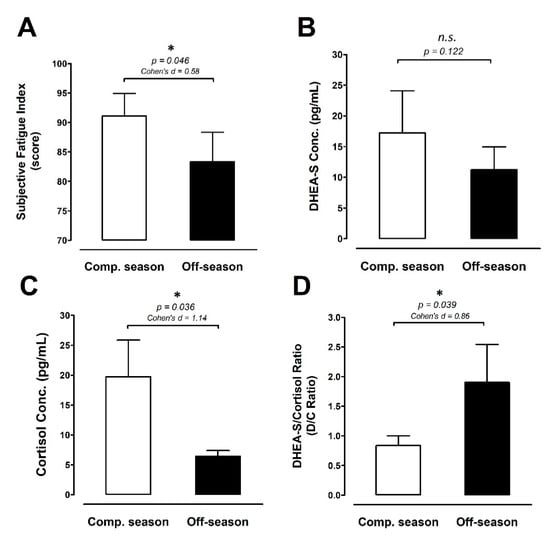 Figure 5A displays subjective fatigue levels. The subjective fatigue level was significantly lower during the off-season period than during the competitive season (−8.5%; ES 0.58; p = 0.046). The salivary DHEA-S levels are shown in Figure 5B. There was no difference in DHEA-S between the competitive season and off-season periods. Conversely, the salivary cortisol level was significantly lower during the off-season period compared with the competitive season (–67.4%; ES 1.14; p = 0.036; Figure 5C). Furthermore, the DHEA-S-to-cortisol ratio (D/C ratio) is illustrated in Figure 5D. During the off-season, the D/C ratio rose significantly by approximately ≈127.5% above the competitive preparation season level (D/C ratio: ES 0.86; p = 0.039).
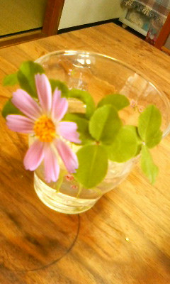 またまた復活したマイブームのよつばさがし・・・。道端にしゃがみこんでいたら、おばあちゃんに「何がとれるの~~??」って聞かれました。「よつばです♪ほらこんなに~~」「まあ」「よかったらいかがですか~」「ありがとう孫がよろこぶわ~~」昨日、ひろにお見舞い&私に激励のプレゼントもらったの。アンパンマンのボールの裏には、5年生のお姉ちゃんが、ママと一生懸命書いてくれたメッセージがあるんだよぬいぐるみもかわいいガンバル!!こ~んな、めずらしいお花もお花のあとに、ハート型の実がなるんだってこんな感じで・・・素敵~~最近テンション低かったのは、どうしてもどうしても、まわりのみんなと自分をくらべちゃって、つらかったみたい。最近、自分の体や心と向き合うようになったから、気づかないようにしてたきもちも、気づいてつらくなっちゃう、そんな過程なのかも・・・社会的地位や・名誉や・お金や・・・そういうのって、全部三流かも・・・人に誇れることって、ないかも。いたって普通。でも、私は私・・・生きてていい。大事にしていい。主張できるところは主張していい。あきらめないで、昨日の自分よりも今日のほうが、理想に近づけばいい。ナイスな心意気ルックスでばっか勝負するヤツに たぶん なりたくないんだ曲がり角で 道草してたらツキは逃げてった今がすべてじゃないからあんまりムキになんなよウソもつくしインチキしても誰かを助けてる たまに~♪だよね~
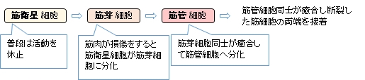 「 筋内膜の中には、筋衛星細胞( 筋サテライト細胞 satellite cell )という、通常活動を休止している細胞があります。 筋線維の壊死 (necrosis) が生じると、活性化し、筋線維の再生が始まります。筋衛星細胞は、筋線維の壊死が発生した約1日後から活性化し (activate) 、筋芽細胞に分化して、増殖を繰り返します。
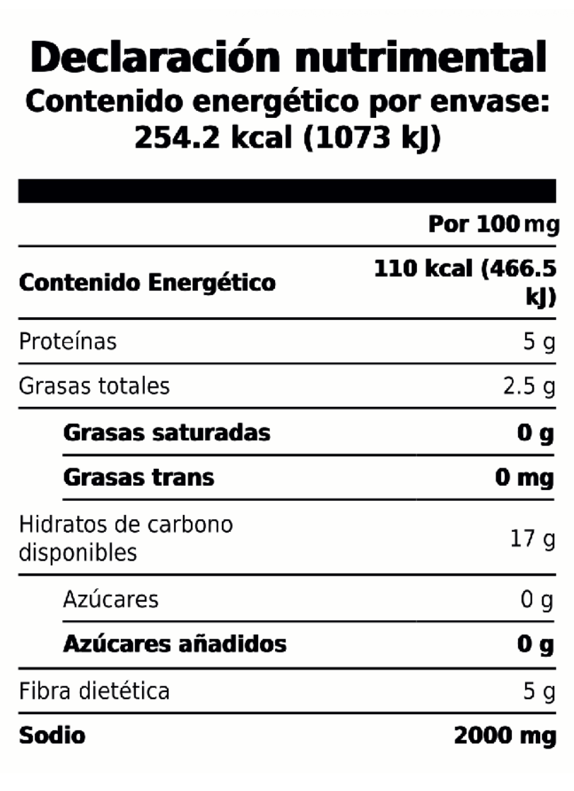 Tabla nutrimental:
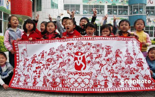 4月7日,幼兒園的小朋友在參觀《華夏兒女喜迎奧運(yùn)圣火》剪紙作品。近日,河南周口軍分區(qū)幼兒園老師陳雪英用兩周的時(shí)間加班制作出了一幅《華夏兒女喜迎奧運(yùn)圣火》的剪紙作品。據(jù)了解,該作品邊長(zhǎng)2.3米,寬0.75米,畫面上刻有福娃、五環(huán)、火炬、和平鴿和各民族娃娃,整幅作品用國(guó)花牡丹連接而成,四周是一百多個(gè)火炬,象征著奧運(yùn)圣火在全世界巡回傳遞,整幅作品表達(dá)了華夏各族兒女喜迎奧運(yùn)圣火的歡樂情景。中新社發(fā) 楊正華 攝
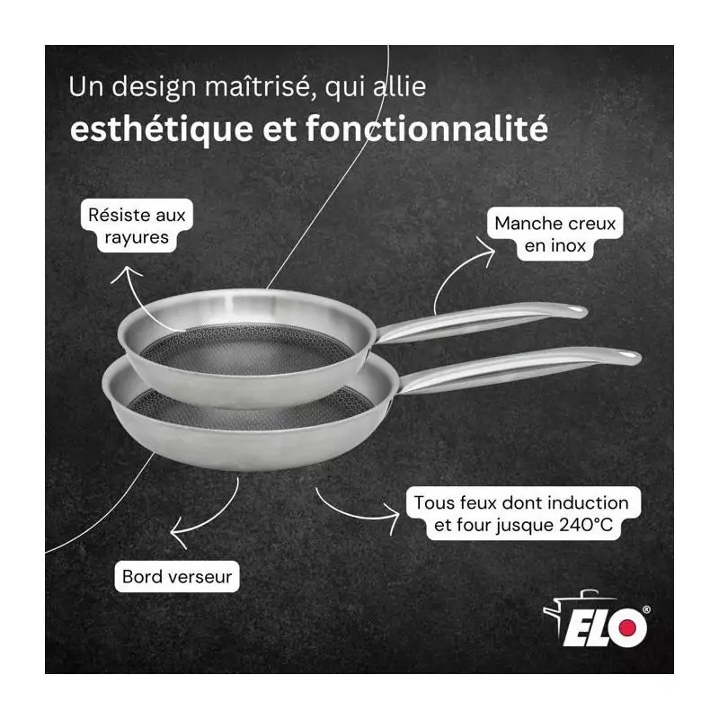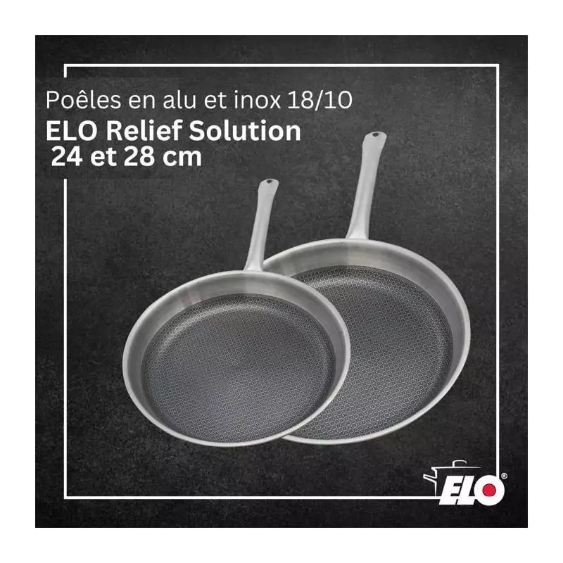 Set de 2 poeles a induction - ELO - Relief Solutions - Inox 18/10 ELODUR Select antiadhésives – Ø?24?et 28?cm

==

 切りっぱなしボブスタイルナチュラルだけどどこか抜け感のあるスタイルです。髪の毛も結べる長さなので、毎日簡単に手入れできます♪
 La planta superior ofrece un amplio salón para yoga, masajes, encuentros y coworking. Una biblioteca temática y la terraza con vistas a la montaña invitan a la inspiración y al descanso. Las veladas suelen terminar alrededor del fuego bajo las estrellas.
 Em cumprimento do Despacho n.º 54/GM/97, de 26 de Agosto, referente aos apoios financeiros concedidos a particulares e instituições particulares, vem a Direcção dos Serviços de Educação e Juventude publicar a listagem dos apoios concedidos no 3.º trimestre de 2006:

PROBLEM DESCRIPTION:
In the data above, take the line with "筋内膜の中には、筋衛星細胞( 筋サテライト細胞 satellite", the line with "Set de 2 poeles", and every line between, and set them down exactly without pictures.

COMPLETED EXERCISE:
 「 筋内膜の中には、筋衛星細胞( 筋サテライト細胞 satellite cell )という、通常活動を休止している細胞があります。 筋線維の壊死 (necrosis) が生じると、活性化し、筋線維の再生が始まります。筋衛星細胞は、筋線維の壊死が発生した約1日後から活性化し (activate) 、筋芽細胞に分化して、増殖を繰り返します。
 Tabla nutrimental:
 4月7日,幼兒園的小朋友在參觀《華夏兒女喜迎奧運(yùn)圣火》剪紙作品。近日,河南周口軍分區(qū)幼兒園老師陳雪英用兩周的時(shí)間加班制作出了一幅《華夏兒女喜迎奧運(yùn)圣火》的剪紙作品。據(jù)了解,該作品邊長(zhǎng)2.3米,寬0.75米,畫面上刻有福娃、五環(huán)、火炬、和平鴿和各民族娃娃,整幅作品用國(guó)花牡丹連接而成,四周是一百多個(gè)火炬,象征著奧運(yùn)圣火在全世界巡回傳遞,整幅作品表達(dá)了華夏各族兒女喜迎奧運(yùn)圣火的歡樂情景。中新社發(fā) 楊正華 攝
 Set de 2 poeles a induction - ELO - Relief Solutions - Inox 18/10 ELODUR Select antiadhésives – Ø?24?et 28?cm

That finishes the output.